Eyes in the Sky For Nature
Air Date: Week of September 29, 2017
The Carnegie Airborne Observatory in action, flying above the “patch reefs” of Hawaii’s Kaneohe Bay. (Photo: Carnegie Airborne Observatory)
From satellites and aircraft scientists can examine the structure of ecosystems, even their chemical properties, to determine their health. Stanford ecologist Greg Asner helped develop a system of specialized scientific instruments for aircraft, and was recently recognized for these contributions with the 22nd Heinz Environment Award. Host Steve Curwood and Greg Asner discuss how this ultra high resolution remote sensing can help inform policy to protect natural resources like carbon-sequestering forests, and how the next frontier is to put this technology into orbit.
Transcript
CURWOOD: High-tech, remote imaging developed for the military is also now a powerful tool in the hands of scientists studying the health of ecosystems. Remote forests and coral reefs can be assessed from satellites, and specially equipped aircraft can get an even closer look, down to individual branches of trees. Greg Asner, Principal Investigator at the Carnegie Institution’s Global Ecology Lab at Stanford helped develop an ultra-high-resolution imaging system for aircraft that won him the 22nd Heinz Award in the Environment category. He joins me now. Greg, congratulations and welcome to Living on Earth.
ASNER: Thank you for having me. It's great to be here.
CURWOOD: Hey, let's start by talking briefly about this plane that you've tricked out with a lab inside. It's this short takeoff and landing machine called a Dornier 228, I think. Now, usually if you've got one of those you're like out in the middle of nowhere and they roll it up to fly you from one remote location to another, like maybe 20 seats. But what do you have in one?

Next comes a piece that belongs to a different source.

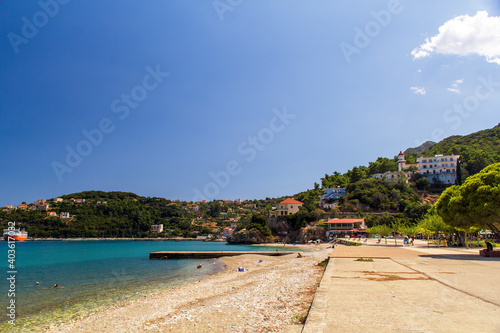 Looking along the beach at Sami, Kefalonia, Greece
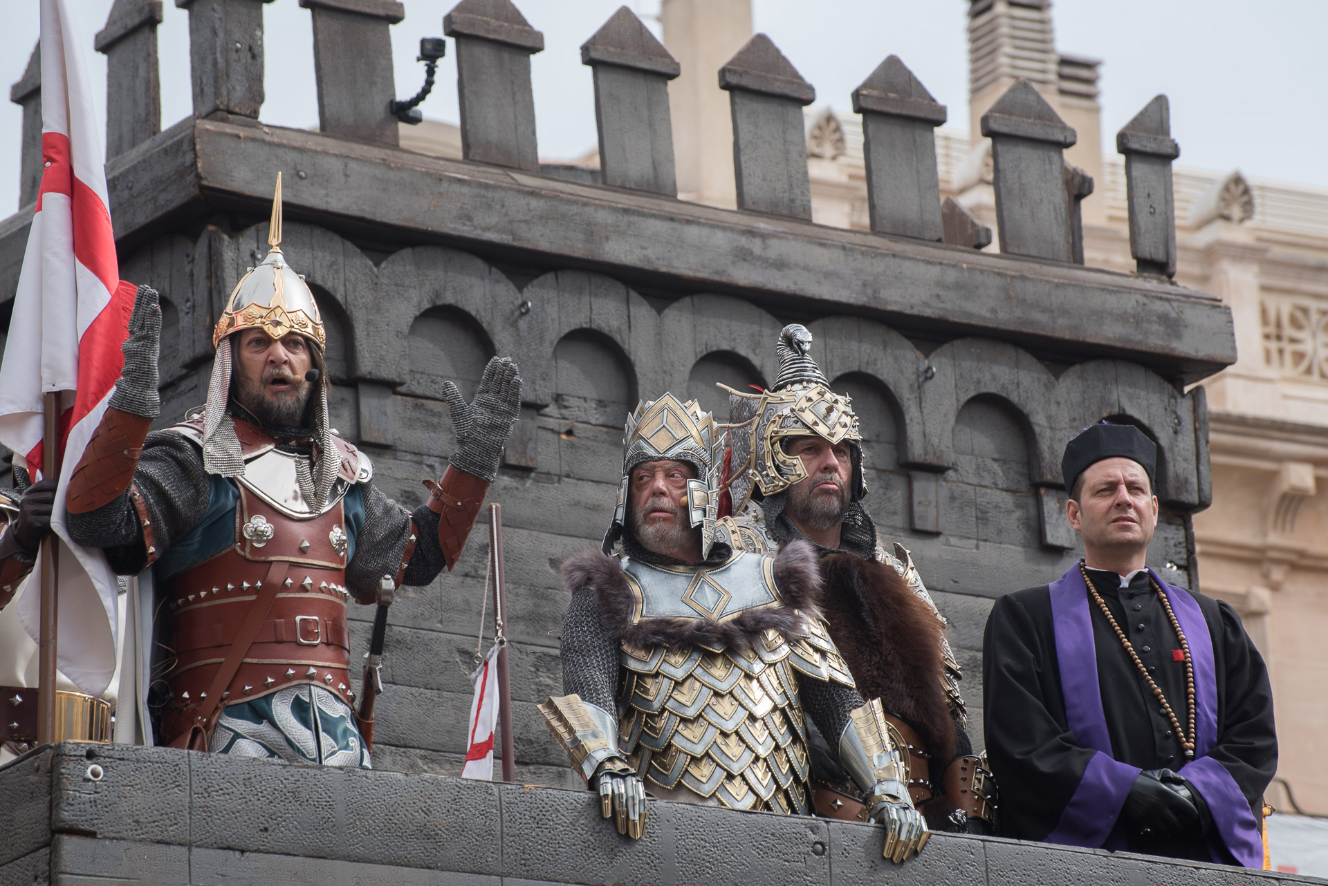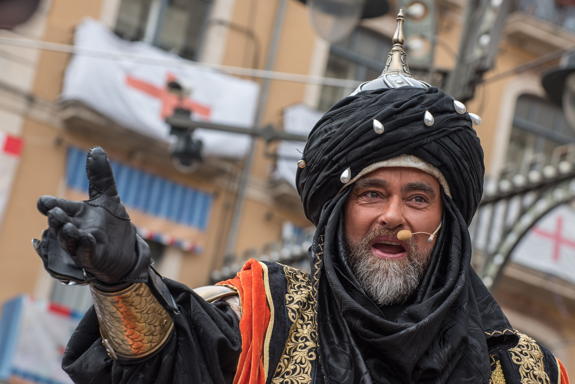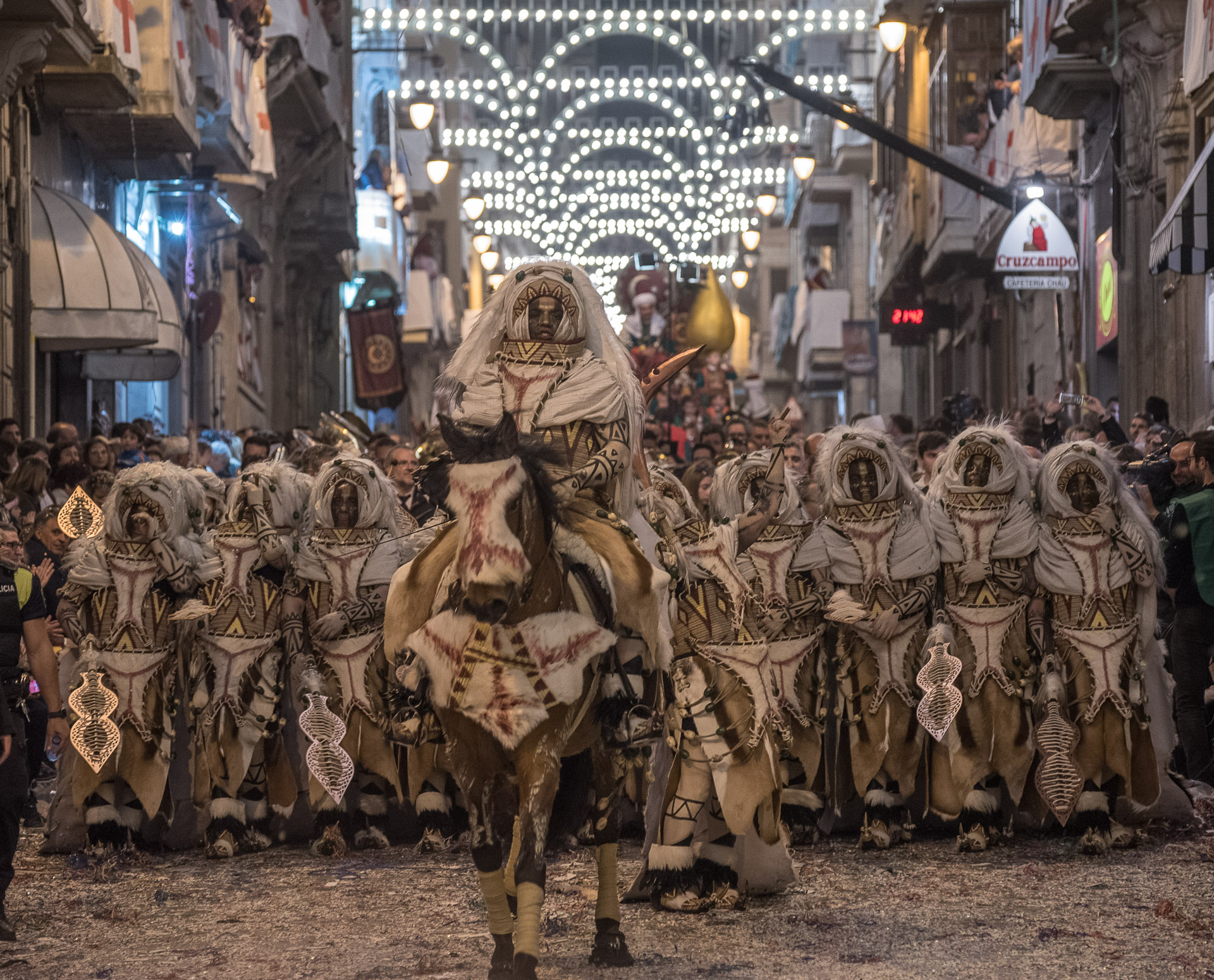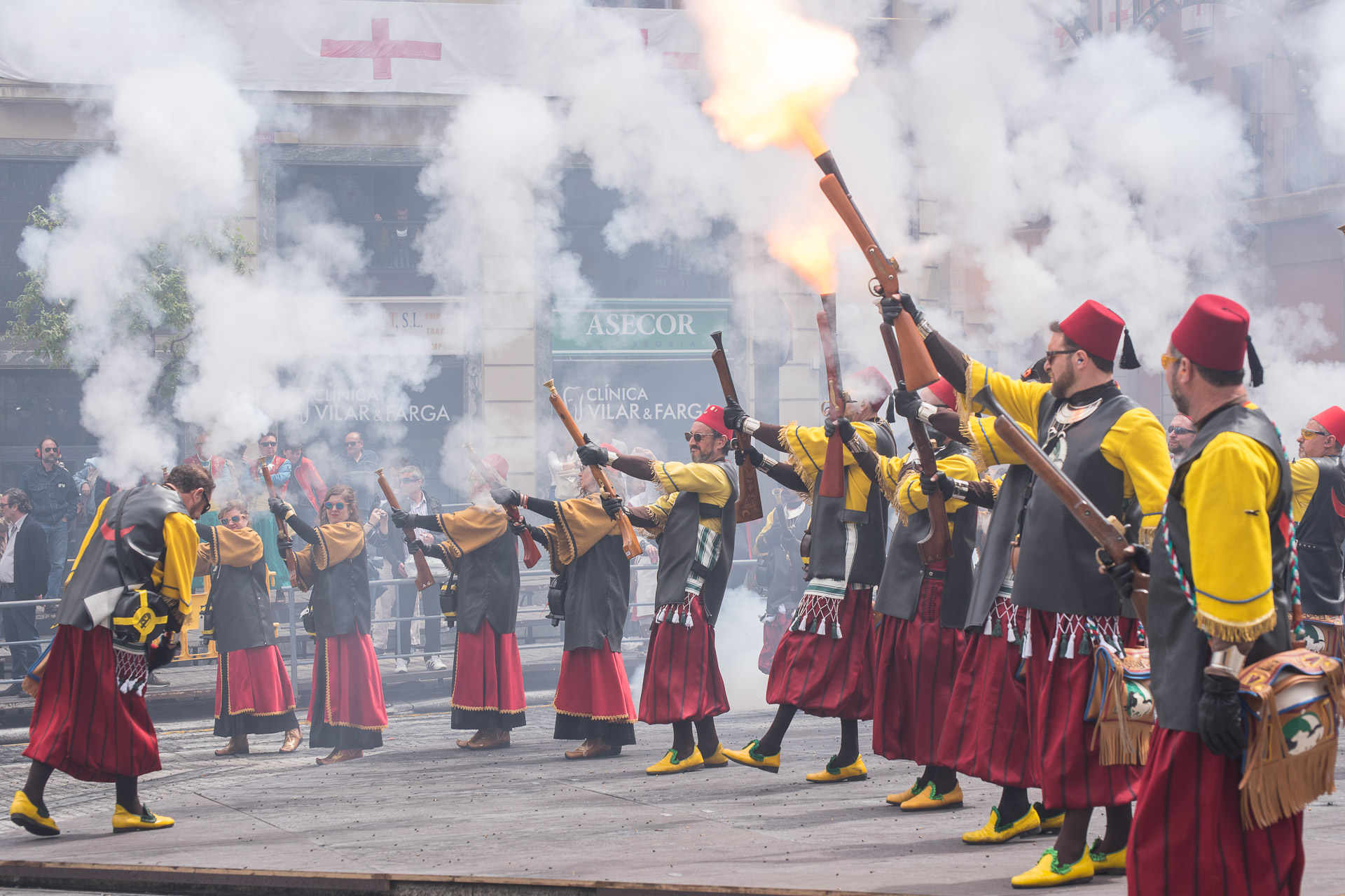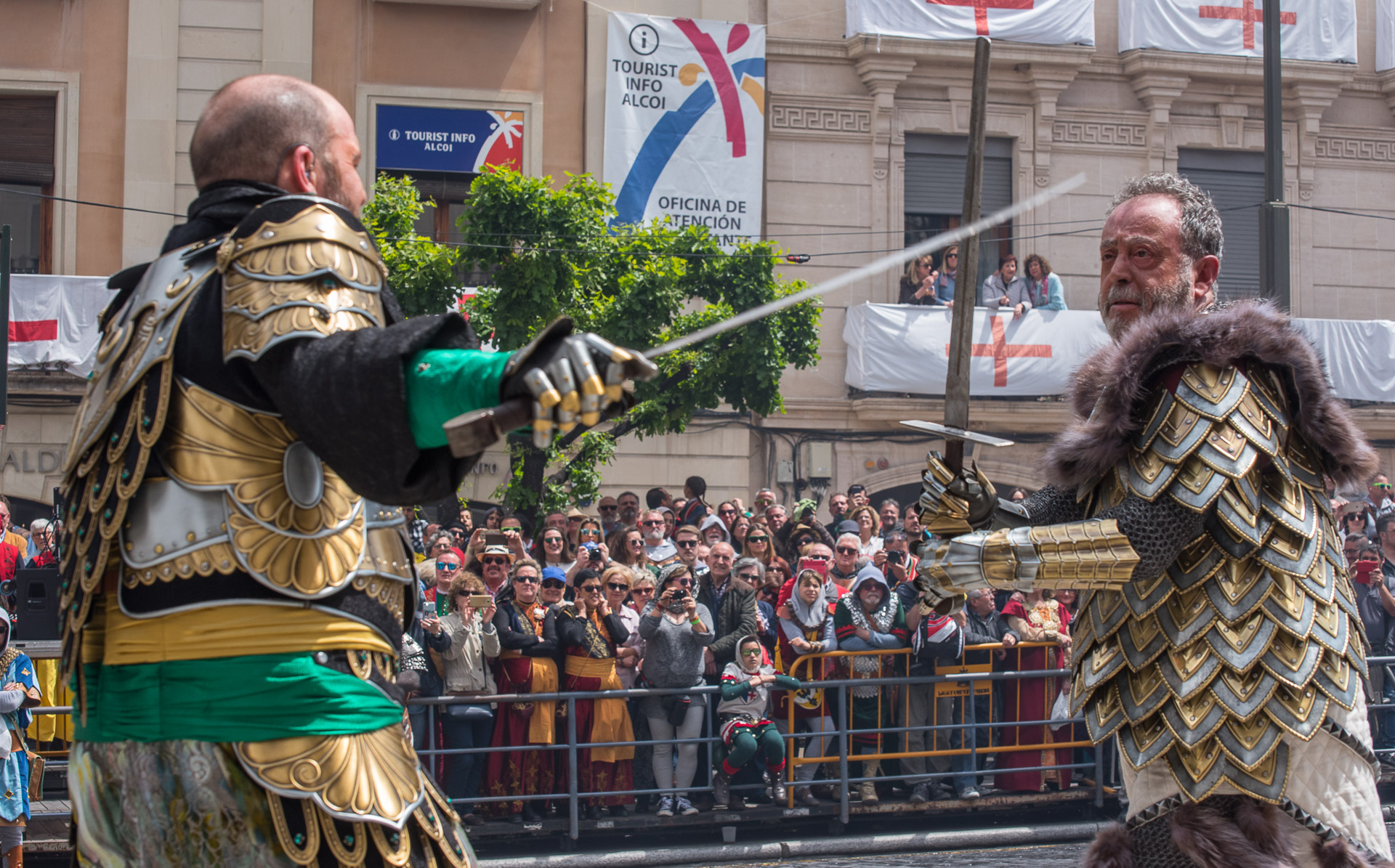 Fieros guerreros del bando cristiano que llenan la calle de color y de un aire amenazante, aunque probablemente sus trajes no habrían sido muy cómodos en una guerra de verdad.

ASNER: Right, what we've done is we've gutted the plane down to the skin and the shell of the plane, and then we built back up a high tech laboratory inside. Think aluminum, carbon fiber, think lightweight materials, and also think instruments and supercomputing capability onboard.
CURWOOD: Talk to me about the instruments that you put in there. I think you have an acronym, ATOMS. What does ATOMS stand for?
ASNER: ATOMS is a name that I gave to it back when we first built the system. It stands for Airborne Taxonomic Mapping System. ATOMS is comprised of a suite of instruments that work together. One of the instruments is a laser scanning system. We fire laser beams out of the bottom of the plane, and those lasers interact with the land, the trees, whatever we’re flying over. Those lasers give us a three-dimensional view of the ecosystem. That would be how tall are the trees. What's the architecture of the branches? And it tells us about even the leaf-level architecture. And then we have other instruments that work with that. Some of those are called imaging spectrometers, and for that we use sunlight that bounces off of, for example, the tree canopy and we can measure the chemical composition of those trees as we fly over with those spectrometers. And finally we have some high-resolution cameras that allow us just to collect the background information about, you know, what did we do that day, what did we fly over. It gives us a reference.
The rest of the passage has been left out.